Zeba was a well-known local singer. Locals and visitors alike sought her out and gathered around her to listen to her warm voice as she played the dambora. Bamiyan was one of the few places in the country where the musical talent of young female artists was encouraged, an initiative supported by several artists, including Zeba. Her present, clearly, could be different. She herself says that Farhad Darya, a well-known Afghan artist, gave her a dambora in gratitude for his musical talent during Hamid Karzai’s second term (2009-2014).

“When female singers are eliminated in one fell swoop, it sends a message to young people and future generations that women do not have the same rights and opportunities,” explains former Afghan composer and singer Esmatullah Alizada, who is very active in defending the rights of musicians. He performed in Afghanistan for almost 13 years, but now lives as a refugee in France. For him, the suppression of female singers and musicians means a serious loss of talent and artistic diversity and helps to further entrench gender inequality and psychological damage to women.

A sinful widow

This weekend, a new round of international meetings on the future of Afghanistan under the auspices of the UN will be held in Doha. Representatives of the Taliban government, which has not been officially recognised as such, will attend for the first time. NGOs have criticised the fact that Afghan women and human rights activists are not included in the meeting and have stressed that sitting at the table with the fundamentalists implies tacitly recognising their power.

Music is just one example of the freedoms lost. Over the past three years, fundamentalists have virtually erased women from most professional sectors in Afghanistan, except for health and education, where, by necessity, there is greater acceptance of female professionals. Overall, severe restrictions have caused Afghan women to disappear from most jobs. In addition, they have closed the doors of secondary schools to young girls and, in December 2022, banned them from university. For all these reasons, the UN believes that Afghan women could be victims of a “apartheid “gender discrimination”, a harsh term that defines the relentless harassment and the progressive reduction of the most basic rights simply for being a woman.

“Even before the Taliban came again, singing as a woman was not easy for me,” Zeba says. This woman is self-taught. She started playing the Dambora in the home of her husband’s parents, whom she married at the age of 13, in an agreement between the families. She sang folkloric melodies that spoke of dreams, love, family or the desire to reunite with her loved ones.

And, as happens everywhere in the world, music helped her cope with the vicissitudes of life.
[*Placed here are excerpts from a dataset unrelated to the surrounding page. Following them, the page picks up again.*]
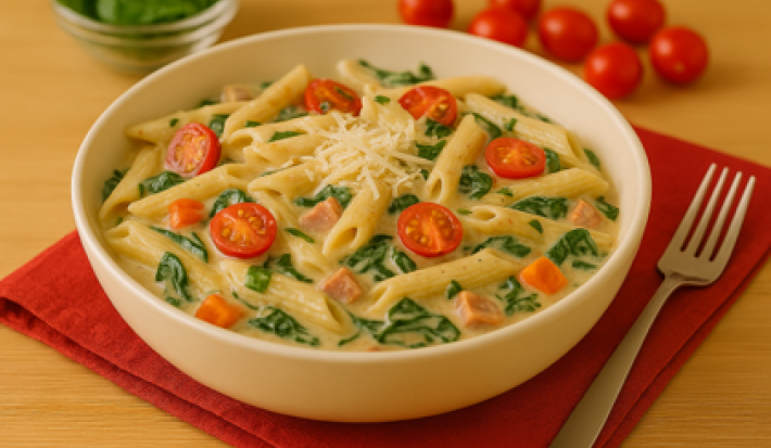 Pasta en Salsa de Cuatro Quesos y Espinaca
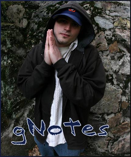 Originally hailing from Washington state, gNotes started out playing acoustic guitar, finding inspiration from the post-Nirvana music scene in nearby Seattle. His Northwest roots are evident throughout the album, from the underlying political message in his lyrics (not unlike Seattle's Blue Scholars) to the beats, often built around guitar samples, that he produces. gNotes is a change of pace from the usual style of rap that I put up on this site, but give the music a chance, there's some dope songs to be heard from him.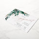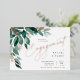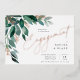 L'élégante invitation à la fête de fiançailles présente des feuilles d'eucalyptus aquarellés et du feuillage vert en cascade du coin supérieur gauche, agrémenté d'accents roses en feuille d'or. Personnalisez avec les détails de votre partie de fiançailles alignés à droite. Cartes inversées à vert de forêt solide.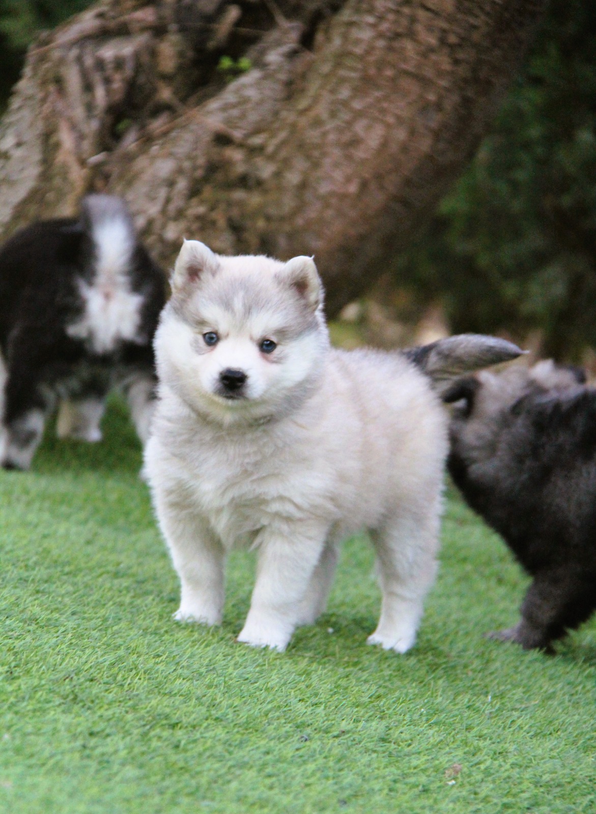 El Pomsky es una raza híbrida reciente fruto del cruce entre el Husky Siberiano y el Pomerania. Es conocido por su inteligencia y obediencia, lo que facilita su adiestramiento y educación.
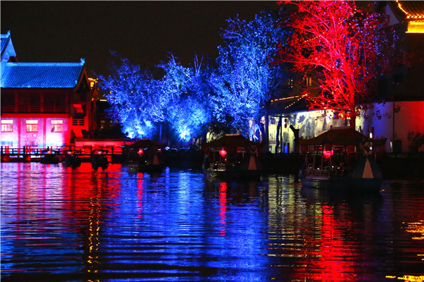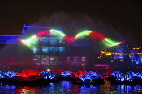 東京夢華在人間 眼前荷花星星點點,猛然一股噴泉沖向天際。遠處,一縷縷激光射向瑰瑋的建筑,照射出大宋國都的氣宇軒昂,展現(xiàn)出千年前汴梁東京的繁華市井,如夢如幻、恍如隔世。

Her husband was murdered in the early 1990s and she was forced to marry one of her brothers-in-law. She was mistreated, especially by her mother-in-law, who beat her and forbade her from doing anything that brought her joy, such as spending time with her. Dambora. But his mother-in-law loved listening to it, so he kept playing.

When she was 25 years old and after four years of marriage, her second husband left one day without saying anything and she was left alone with her four children. It was the late 1990s and Bamiyan was mired in poverty and violence, as the Taliban had taken control in some parts of the country. In Afghanistan in those years it was no longer very popular for a woman to sing and play an instrument. “My neighbors saw me as a sinful widow and advised their daughters and wives to stay away from me and my daughters,” she says. “But at least the Government didn’t interfere with my work,” she adds.

To make ends meet, Zeba baked bread and her daughters embroidered. She now lives with her two youngest daughters, since the two eldest left Bamiyan. Her neighbor Ali (not his real name), who opens the door for her so she can continue playing the dambora of his son, explains that Zeba hasn’t been around much lately. “When the Taliban arrived, I hid my son’s instrument in a well. Zeba used to come to our house once a month to sing and play. Damborabut we haven’t seen it since the beginning of 2024.”